[Records from a collection]
[Start of section]

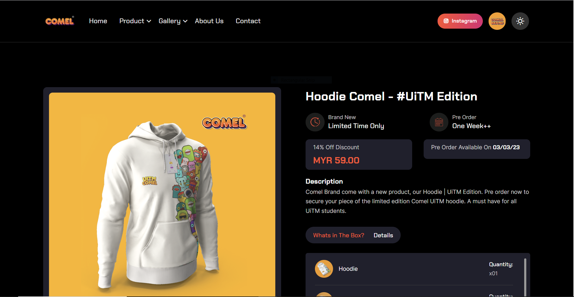 Comel Brand is a company that's all about clothing, and you know what's their superstar product? Hoodies, yeah, you heard it right! My job? I'm creating their website. You know, the place where you click around and see all the awesome hoodies? We're making it look super cool and easy to use (that's the UI/UX part), and I also building all the techie stuff to make it work (that's web development).
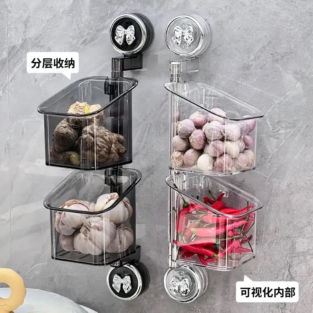 抢!【工厂价】双吸盘旋转葱姜蒜收纳盒壁挂式农用物资肥料单质
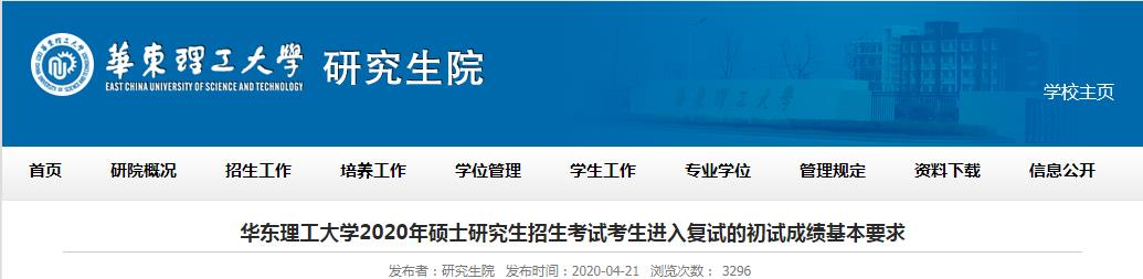 继2020考研国家线公布后,34所自主划线院校和各大院校也陆续公布2020年复试分数线。华东理工大学已经公布2020年硕士研究生入学考试复试基本分数线,如下所示:
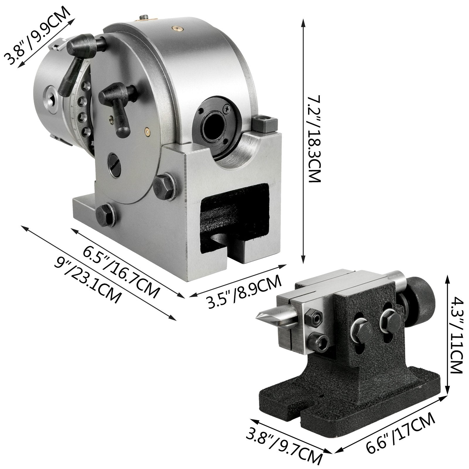 - 【ADJUSTABLE DIVIDING HEAD】- The semi-universal dividing head features 4" 3-jaw chuck, Spindle Hole Diameter: 18mm. The headstock is adjustable from the horizontal position to 90 degrees upward. Center Height: 4"/100mm. Free 3 more jaws for 4" chuck.
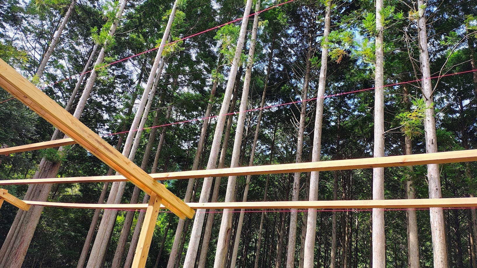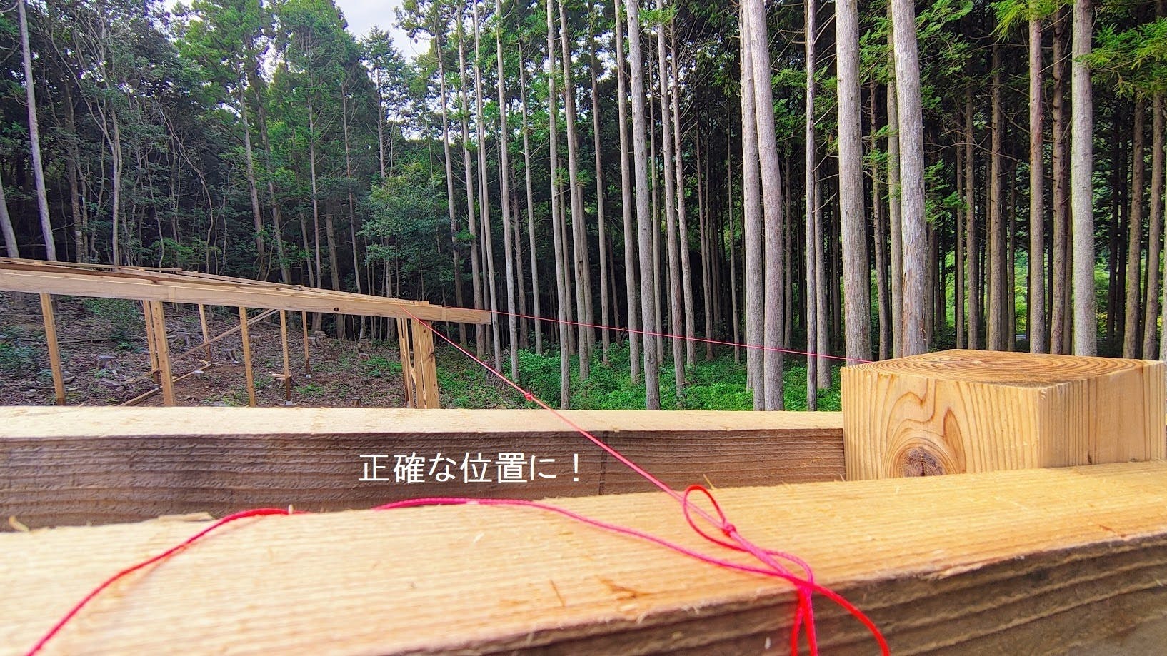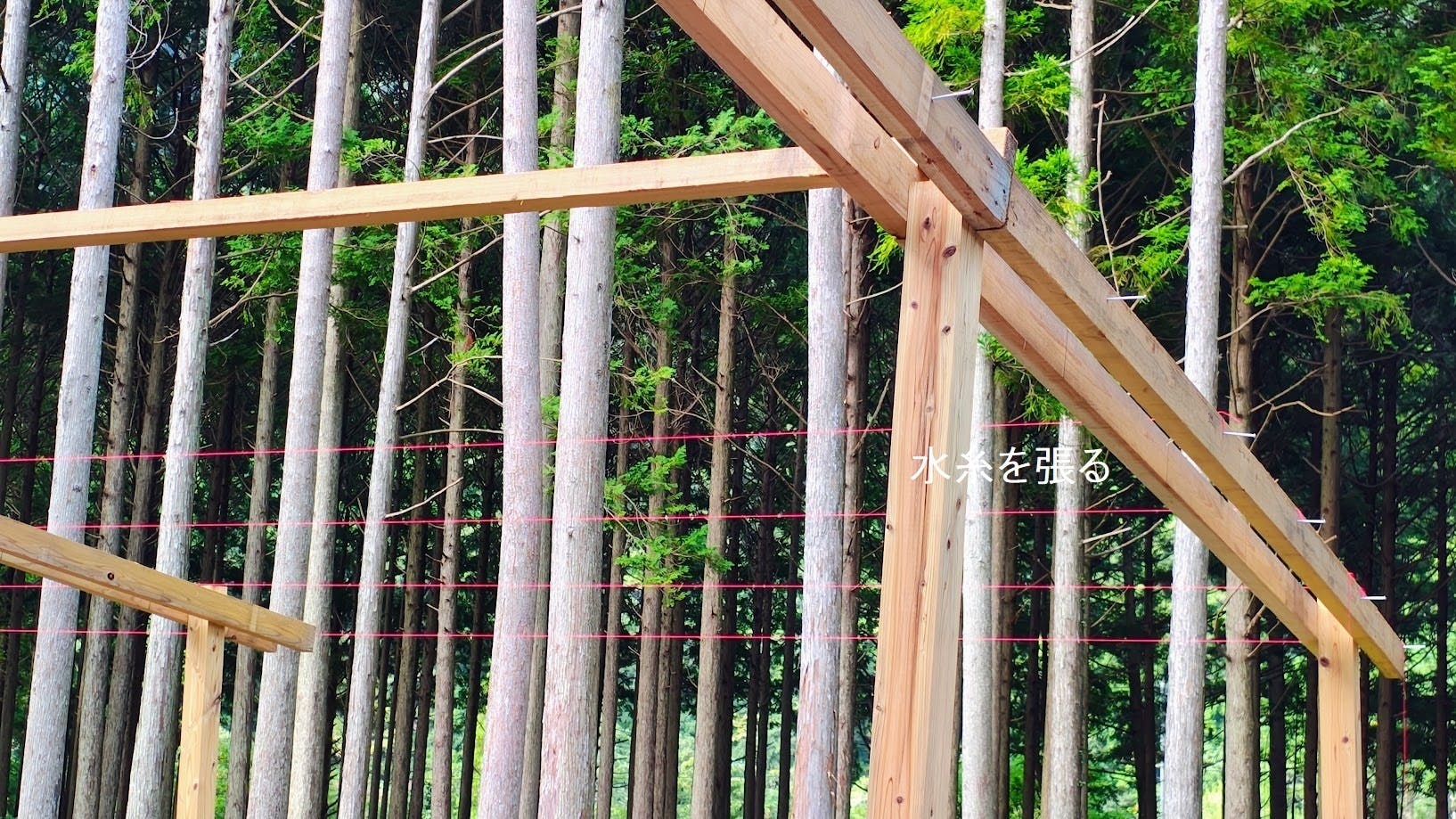仮ビスを打った後、それぞれの位置に水糸を張り

[End of section]

EXERCISE INSTRUCTIONS: Set down all of the entries precisely and keep the pictures out of the copy.

ANSWER SPACE:
 Comel Brand is a company that's all about clothing, and you know what's their superstar product? Hoodies, yeah, you heard it right! My job? I'm creating their website. You know, the place where you click around and see all the awesome hoodies? We're making it look super cool and easy to use (that's the UI/UX part), and I also building all the techie stuff to make it work (that's web development).
 抢!【工厂价】双吸盘旋转葱姜蒜收纳盒壁挂式农用物资肥料单质
 继2020考研国家线公布后,34所自主划线院校和各大院校也陆续公布2020年复试分数线。华东理工大学已经公布2020年硕士研究生入学考试复试基本分数线,如下所示:
 - 【ADJUSTABLE DIVIDING HEAD】- The semi-universal dividing head features 4" 3-jaw chuck, Spindle Hole Diameter: 18mm. The headstock is adjustable from the horizontal position to 90 degrees upward. Center Height: 4"/100mm. Free 3 more jaws for 4" chuck.
仮ビスを打った後、それぞれの位置に水糸を張り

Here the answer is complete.